### Your instructions
Among the entries below, only the lines from the one with "Descubre el impresionante" through the one with "メゾン・フランソワ・ル・ボン ブルゴーニュ シャルドネ" are wanted, reproduced exactly. Pictures are not wanted.

### Records drawn from a dataset

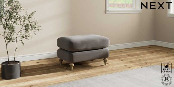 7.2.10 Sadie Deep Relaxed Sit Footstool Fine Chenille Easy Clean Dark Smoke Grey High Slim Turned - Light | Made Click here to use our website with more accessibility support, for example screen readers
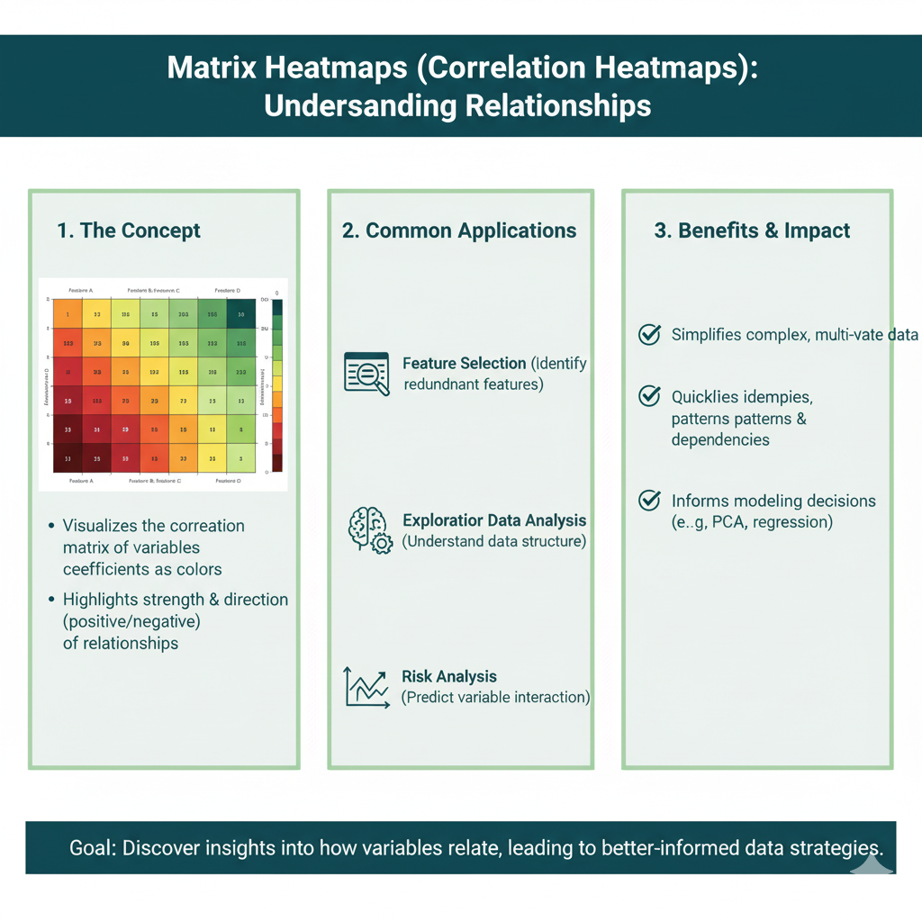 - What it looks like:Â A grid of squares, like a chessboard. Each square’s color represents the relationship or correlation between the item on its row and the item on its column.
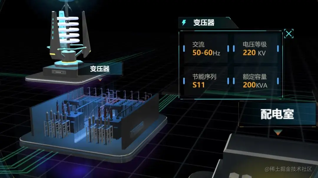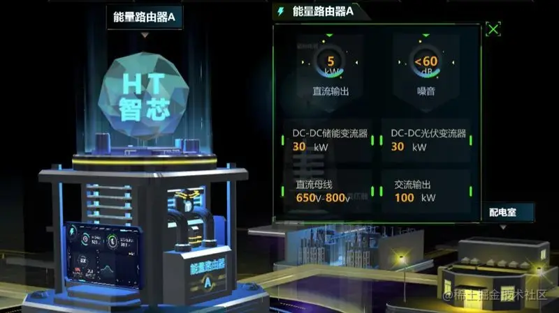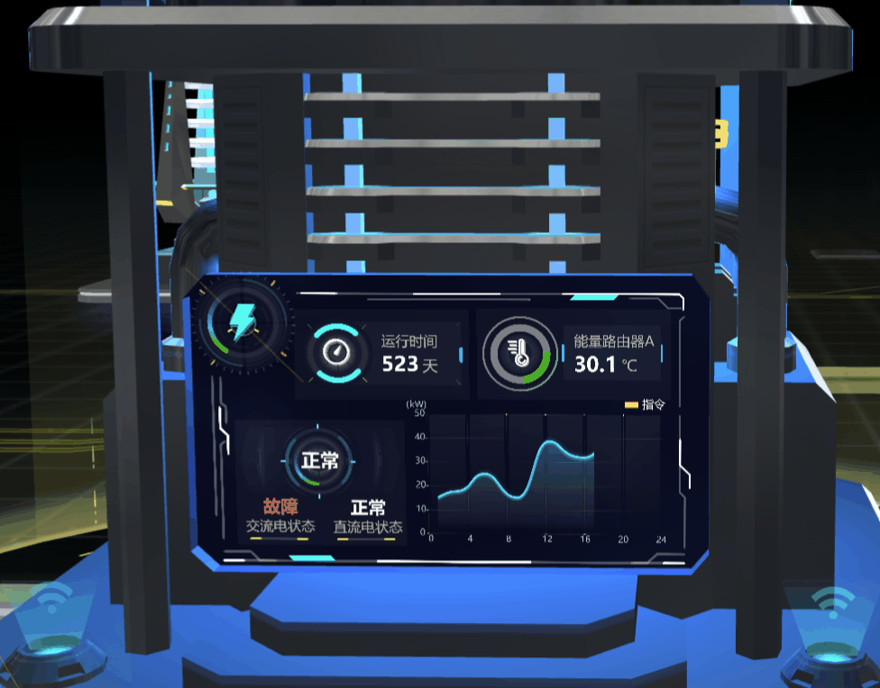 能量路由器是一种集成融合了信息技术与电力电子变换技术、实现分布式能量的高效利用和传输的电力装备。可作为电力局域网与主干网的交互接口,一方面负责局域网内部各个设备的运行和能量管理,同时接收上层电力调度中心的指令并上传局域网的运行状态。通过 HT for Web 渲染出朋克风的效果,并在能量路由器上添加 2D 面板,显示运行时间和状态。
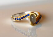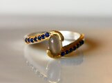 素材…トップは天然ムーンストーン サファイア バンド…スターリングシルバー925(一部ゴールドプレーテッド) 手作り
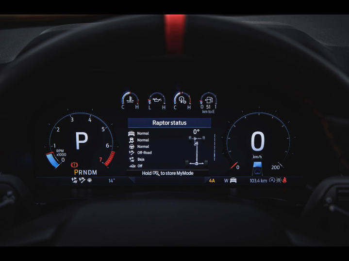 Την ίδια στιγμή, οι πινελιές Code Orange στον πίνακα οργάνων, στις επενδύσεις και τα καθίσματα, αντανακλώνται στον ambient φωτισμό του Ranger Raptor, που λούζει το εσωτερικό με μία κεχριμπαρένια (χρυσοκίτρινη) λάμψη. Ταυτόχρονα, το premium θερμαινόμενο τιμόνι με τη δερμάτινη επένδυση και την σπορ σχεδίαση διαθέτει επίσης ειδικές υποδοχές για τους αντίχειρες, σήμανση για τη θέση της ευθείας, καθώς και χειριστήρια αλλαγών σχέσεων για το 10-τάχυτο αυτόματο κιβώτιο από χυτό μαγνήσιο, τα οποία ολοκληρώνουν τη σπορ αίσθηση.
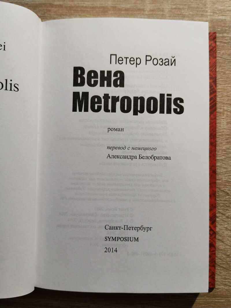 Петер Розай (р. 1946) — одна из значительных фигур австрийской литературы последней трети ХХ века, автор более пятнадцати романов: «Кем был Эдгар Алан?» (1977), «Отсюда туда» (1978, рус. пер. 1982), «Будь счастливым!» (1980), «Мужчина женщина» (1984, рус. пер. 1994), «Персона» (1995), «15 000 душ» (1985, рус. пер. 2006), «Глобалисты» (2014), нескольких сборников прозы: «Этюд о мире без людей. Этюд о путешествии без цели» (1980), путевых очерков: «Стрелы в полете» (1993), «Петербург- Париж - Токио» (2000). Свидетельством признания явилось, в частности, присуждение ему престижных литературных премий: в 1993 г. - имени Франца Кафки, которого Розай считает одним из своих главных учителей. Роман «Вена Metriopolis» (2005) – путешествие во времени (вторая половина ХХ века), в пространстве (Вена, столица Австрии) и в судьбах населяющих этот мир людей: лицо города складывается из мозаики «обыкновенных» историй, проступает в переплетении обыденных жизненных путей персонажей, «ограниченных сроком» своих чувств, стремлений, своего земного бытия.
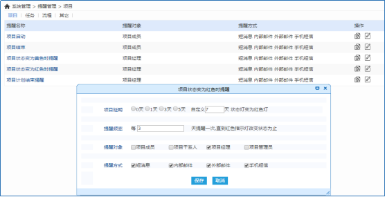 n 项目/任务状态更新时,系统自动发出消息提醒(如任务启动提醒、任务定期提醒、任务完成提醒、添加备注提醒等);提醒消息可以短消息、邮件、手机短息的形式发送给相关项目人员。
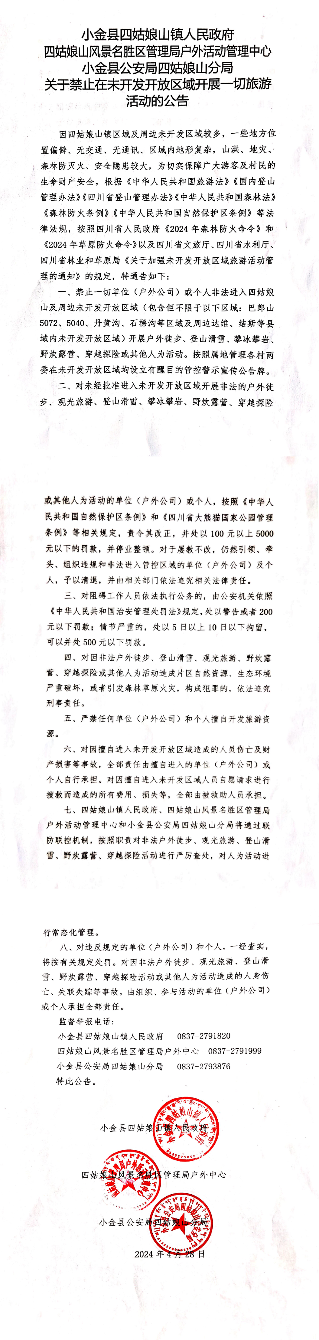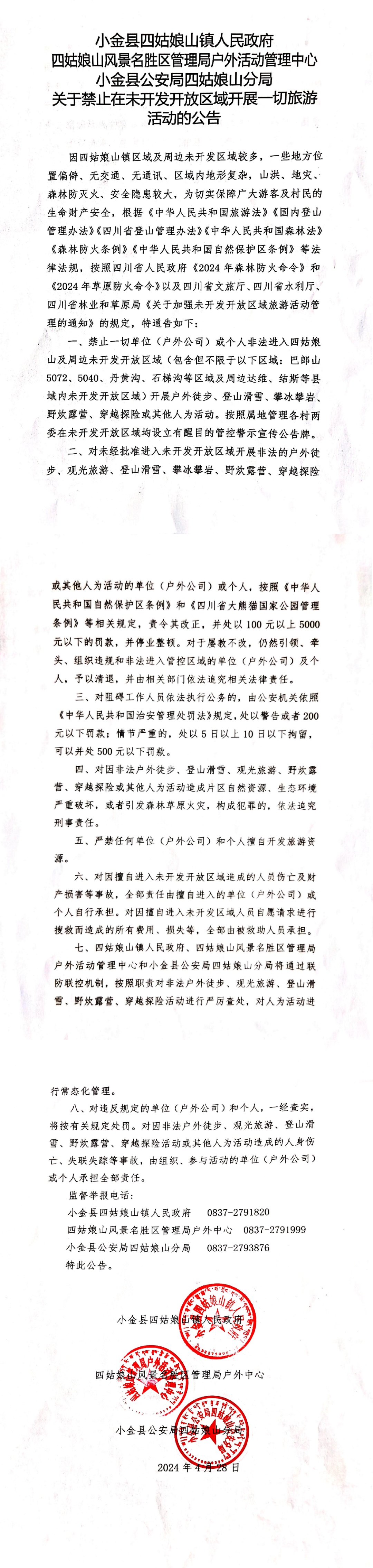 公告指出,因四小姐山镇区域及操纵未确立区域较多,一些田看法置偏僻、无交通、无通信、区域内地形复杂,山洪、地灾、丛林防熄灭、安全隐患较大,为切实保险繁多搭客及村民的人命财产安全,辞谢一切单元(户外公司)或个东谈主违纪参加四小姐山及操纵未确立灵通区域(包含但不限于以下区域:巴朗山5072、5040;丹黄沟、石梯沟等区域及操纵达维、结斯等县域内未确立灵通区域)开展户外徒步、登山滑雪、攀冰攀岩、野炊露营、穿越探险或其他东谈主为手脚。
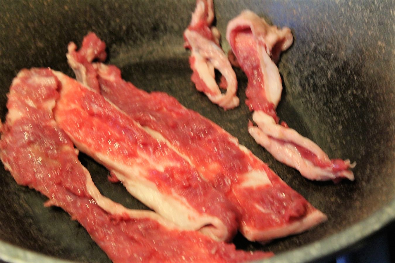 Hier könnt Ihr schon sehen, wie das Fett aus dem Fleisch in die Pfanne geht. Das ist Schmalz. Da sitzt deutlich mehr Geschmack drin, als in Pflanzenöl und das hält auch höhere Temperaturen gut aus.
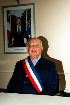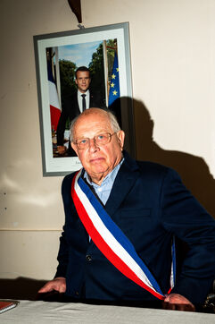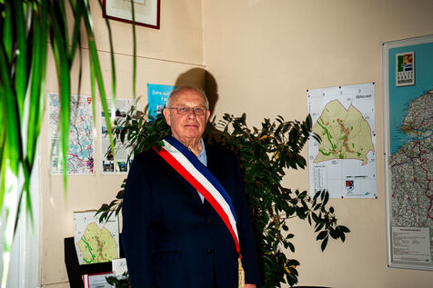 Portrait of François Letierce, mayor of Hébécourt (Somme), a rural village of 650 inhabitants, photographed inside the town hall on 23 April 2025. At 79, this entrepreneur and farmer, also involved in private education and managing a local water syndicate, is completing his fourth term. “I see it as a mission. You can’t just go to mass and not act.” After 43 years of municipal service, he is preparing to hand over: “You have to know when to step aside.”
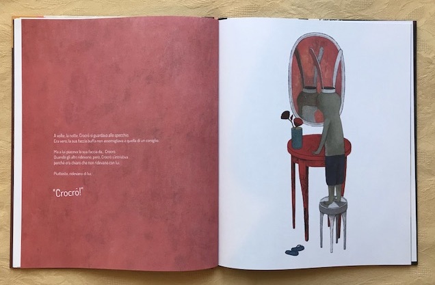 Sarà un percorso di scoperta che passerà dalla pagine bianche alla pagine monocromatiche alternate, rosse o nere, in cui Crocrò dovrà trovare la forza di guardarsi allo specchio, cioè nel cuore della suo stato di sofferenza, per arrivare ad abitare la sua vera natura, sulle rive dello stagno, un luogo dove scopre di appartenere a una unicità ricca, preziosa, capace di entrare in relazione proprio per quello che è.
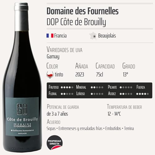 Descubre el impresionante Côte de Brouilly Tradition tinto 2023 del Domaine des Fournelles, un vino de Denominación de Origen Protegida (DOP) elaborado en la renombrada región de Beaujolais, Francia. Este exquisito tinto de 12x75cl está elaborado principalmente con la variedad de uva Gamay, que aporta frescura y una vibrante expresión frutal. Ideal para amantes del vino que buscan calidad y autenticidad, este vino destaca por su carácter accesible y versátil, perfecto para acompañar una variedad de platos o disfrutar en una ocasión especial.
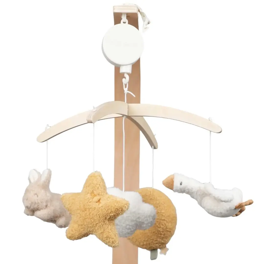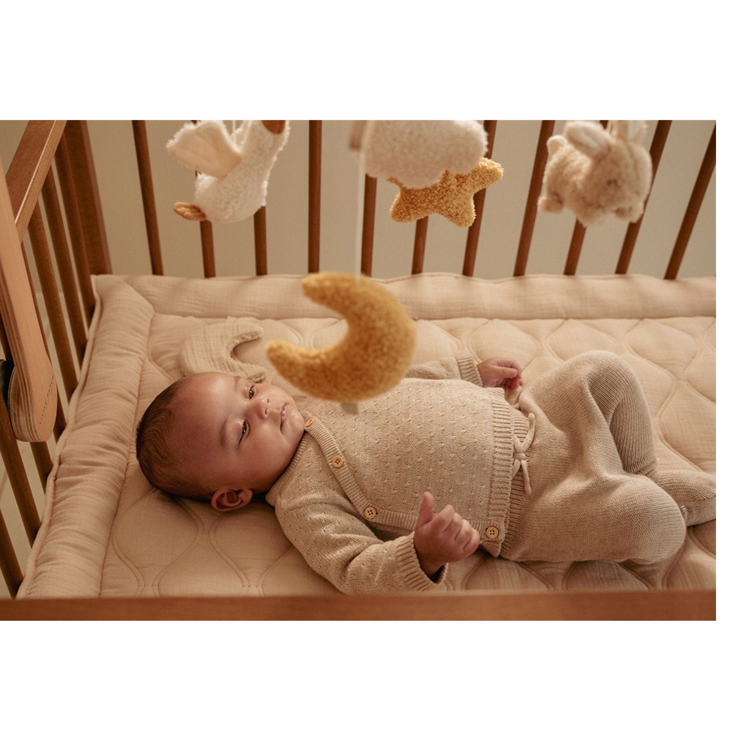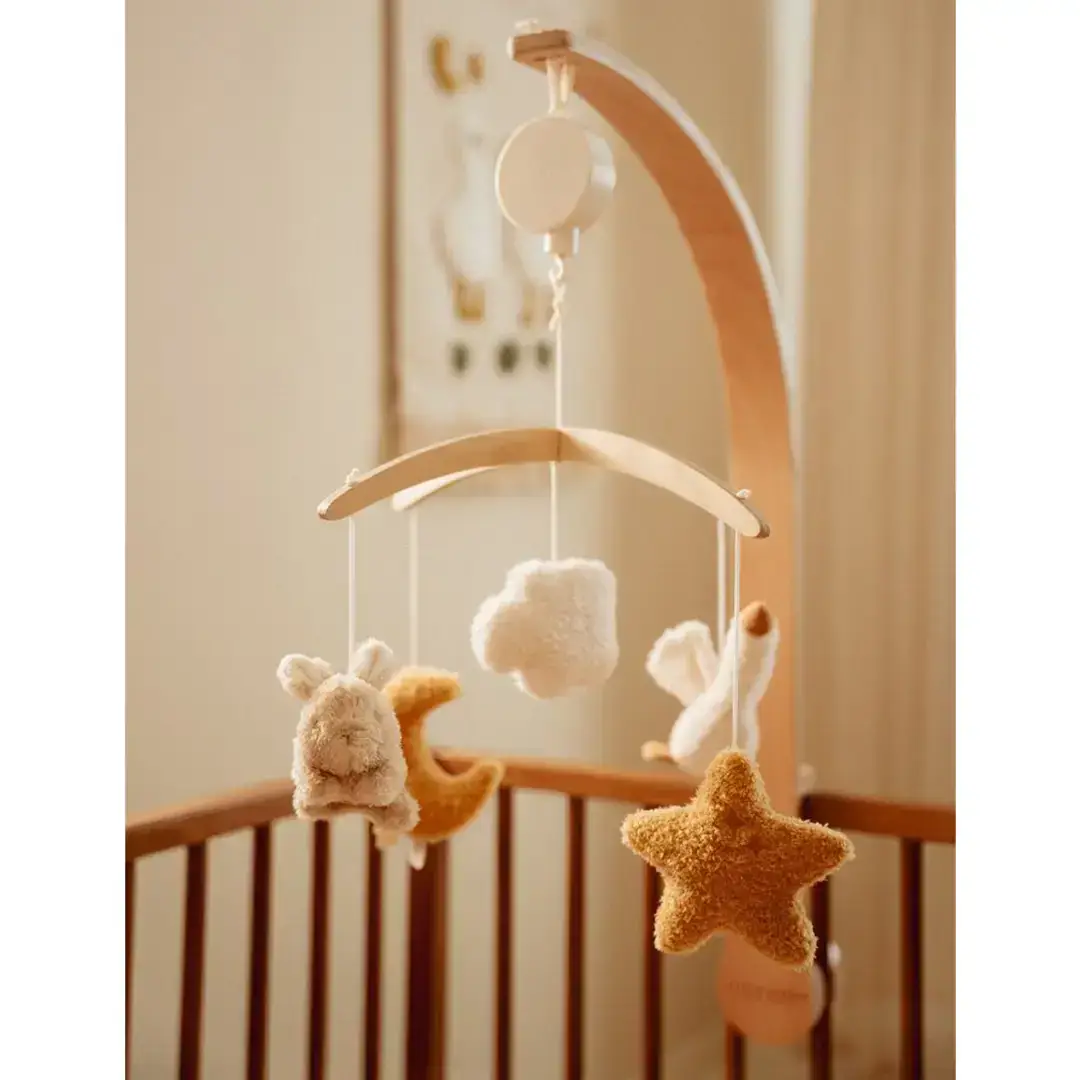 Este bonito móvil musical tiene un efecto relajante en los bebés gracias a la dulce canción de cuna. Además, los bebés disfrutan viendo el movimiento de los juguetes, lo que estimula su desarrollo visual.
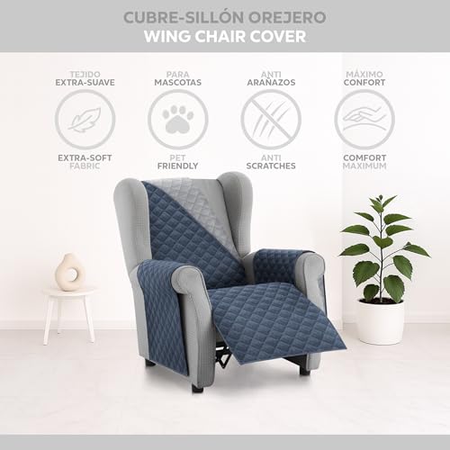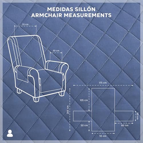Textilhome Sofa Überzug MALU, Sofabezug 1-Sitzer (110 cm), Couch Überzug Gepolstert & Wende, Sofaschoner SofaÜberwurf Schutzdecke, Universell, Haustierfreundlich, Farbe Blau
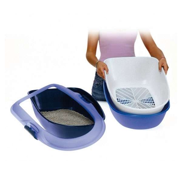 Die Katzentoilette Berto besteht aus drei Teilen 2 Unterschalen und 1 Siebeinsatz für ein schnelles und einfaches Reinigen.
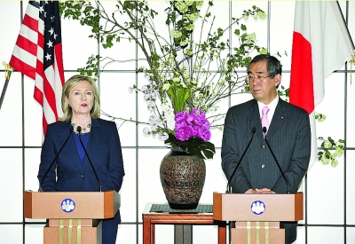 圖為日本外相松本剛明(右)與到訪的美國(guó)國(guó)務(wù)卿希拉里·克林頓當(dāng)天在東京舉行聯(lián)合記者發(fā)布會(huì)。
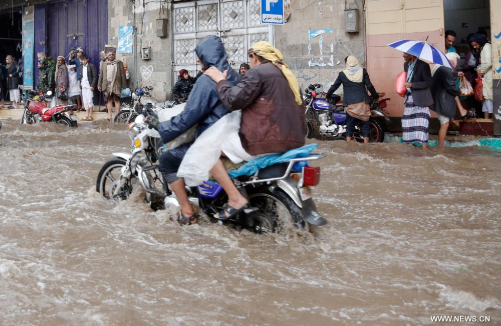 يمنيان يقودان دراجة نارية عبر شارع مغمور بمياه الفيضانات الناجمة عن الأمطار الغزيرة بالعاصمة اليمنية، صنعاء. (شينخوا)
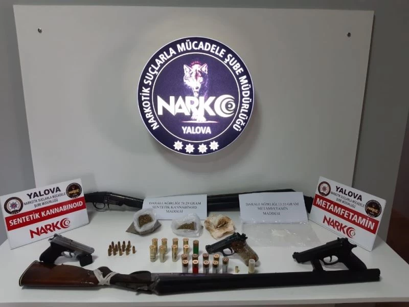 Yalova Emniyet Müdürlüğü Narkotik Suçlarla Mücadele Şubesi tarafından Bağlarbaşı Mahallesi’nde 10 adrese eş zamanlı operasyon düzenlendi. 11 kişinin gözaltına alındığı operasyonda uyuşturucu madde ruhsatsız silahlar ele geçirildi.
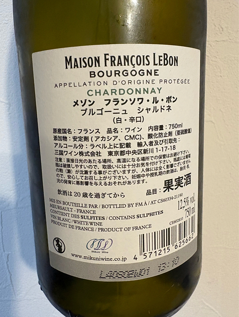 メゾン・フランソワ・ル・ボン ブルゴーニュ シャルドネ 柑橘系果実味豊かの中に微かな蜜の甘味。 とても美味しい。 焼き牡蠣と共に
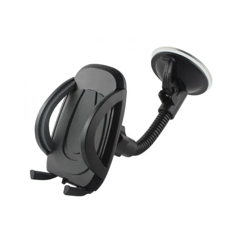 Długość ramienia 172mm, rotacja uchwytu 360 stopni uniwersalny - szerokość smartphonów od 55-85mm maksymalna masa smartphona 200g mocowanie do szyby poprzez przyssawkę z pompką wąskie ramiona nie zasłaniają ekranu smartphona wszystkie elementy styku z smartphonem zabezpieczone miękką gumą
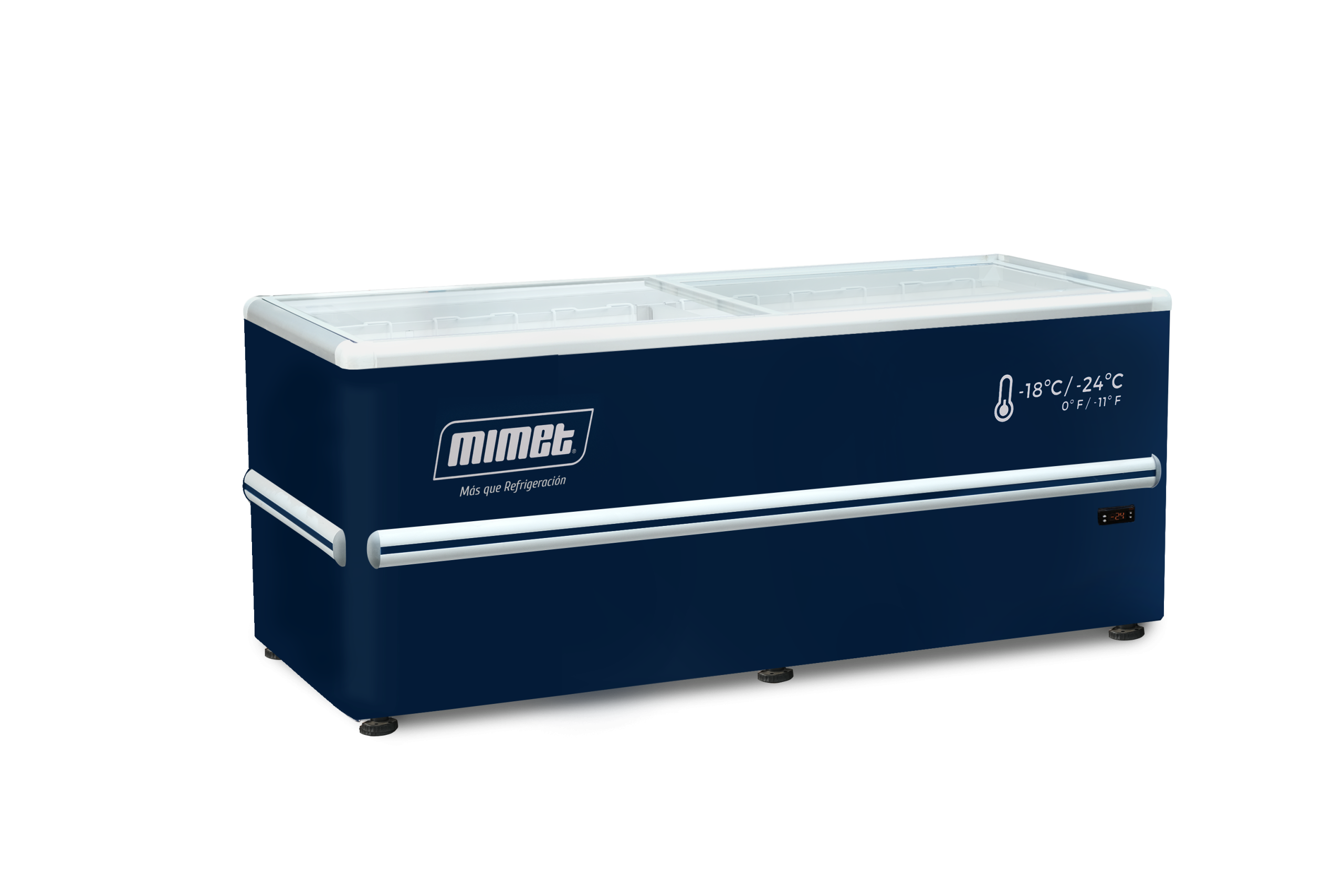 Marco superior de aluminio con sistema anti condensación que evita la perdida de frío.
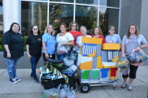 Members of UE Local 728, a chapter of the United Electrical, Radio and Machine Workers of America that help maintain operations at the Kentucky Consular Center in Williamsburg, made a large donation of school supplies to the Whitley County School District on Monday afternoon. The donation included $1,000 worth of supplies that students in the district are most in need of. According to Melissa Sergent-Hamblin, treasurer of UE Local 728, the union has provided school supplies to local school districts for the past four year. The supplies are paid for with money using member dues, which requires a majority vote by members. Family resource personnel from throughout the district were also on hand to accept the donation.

### Answer
 Descubre el impresionante Côte de Brouilly Tradition tinto 2023 del Domaine des Fournelles, un vino de Denominación de Origen Protegida (DOP) elaborado en la renombrada región de Beaujolais, Francia. Este exquisito tinto de 12x75cl está elaborado principalmente con la variedad de uva Gamay, que aporta frescura y una vibrante expresión frutal. Ideal para amantes del vino que buscan calidad y autenticidad, este vino destaca por su carácter accesible y versátil, perfecto para acompañar una variedad de platos o disfrutar en una ocasión especial.
 Este bonito móvil musical tiene un efecto relajante en los bebés gracias a la dulce canción de cuna. Además, los bebés disfrutan viendo el movimiento de los juguetes, lo que estimula su desarrollo visual.
Textilhome Sofa Überzug MALU, Sofabezug 1-Sitzer (110 cm), Couch Überzug Gepolstert & Wende, Sofaschoner SofaÜberwurf Schutzdecke, Universell, Haustierfreundlich, Farbe Blau
 Die Katzentoilette Berto besteht aus drei Teilen 2 Unterschalen und 1 Siebeinsatz für ein schnelles und einfaches Reinigen.
 圖為日本外相松本剛明(右)與到訪的美國(guó)國(guó)務(wù)卿希拉里·克林頓當(dāng)天在東京舉行聯(lián)合記者發(fā)布會(huì)。
 يمنيان يقودان دراجة نارية عبر شارع مغمور بمياه الفيضانات الناجمة عن الأمطار الغزيرة بالعاصمة اليمنية، صنعاء. (شينخوا)
 Yalova Emniyet Müdürlüğü Narkotik Suçlarla Mücadele Şubesi tarafından Bağlarbaşı Mahallesi’nde 10 adrese eş zamanlı operasyon düzenlendi. 11 kişinin gözaltına alındığı operasyonda uyuşturucu madde ruhsatsız silahlar ele geçirildi.
 メゾン・フランソワ・ル・ボン ブルゴーニュ シャルドネ 柑橘系果実味豊かの中に微かな蜜の甘味。 とても美味しい。 焼き牡蠣と共に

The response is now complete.